There is even an easy way to check this with https://unicode.org/cldr/utility/breaks.jsp; copy the text there and choose Line in the drop down and it should show all possible line breaking opportunities.
Comment 18 Lior Kaplan 2018-09-30 15:00:43 UTC Comment hidden (obsolete)
Comment 19 Alex Thurgood 2018-10-19 07:23:18 UTC
*** Bug 120669 has been marked as a duplicate of this bug. ***
Comment 20 chinyuhsuan 2018-11-29 08:21:04 UTC Comment hidden (obsolete)
Comment 21 QA Administrators 2019-11-30 03:39:17 UTC Comment hidden (obsolete)
Comment 22 Eyal Rozenberg 2020-02-29 10:36:04 UTC Comment hidden (obsolete)
Comment 23 QA Administrators 2022-03-01 03:42:18 UTC Comment hidden (obsolete)
Comment 24 خالد حسني 2022-09-25 15:00:32 UTC
*** Bug 146710 has been marked as a duplicate of this bug. ***
Comment 25 Eyal Rozenberg 2022-09-25 21:38:30 UTC
(In reply to خالد حسني from comment #17)
> This is a bug, change in direction does not create line breaking opportunity.

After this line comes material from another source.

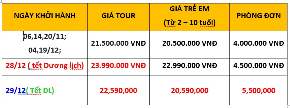 Ngày khởi hành : 06,14,20/11 --- 04,19, 28,29/12 (Tết Dương lịch)

The first part of this statement does not follow from the second. That is, the second part is true, but there already is a breaking opportunity before and after the parentheses regardless of the change in direction.

> There is even an easy way to check this

... and checking shows the line breaking opportunity.

To me it seems this is a bug because the parenthesized word would still fit on the first line of the two in the sample document. So, it's about why LO thinks it _must_ break as opposed to it mistakenly thinking it _can_ break.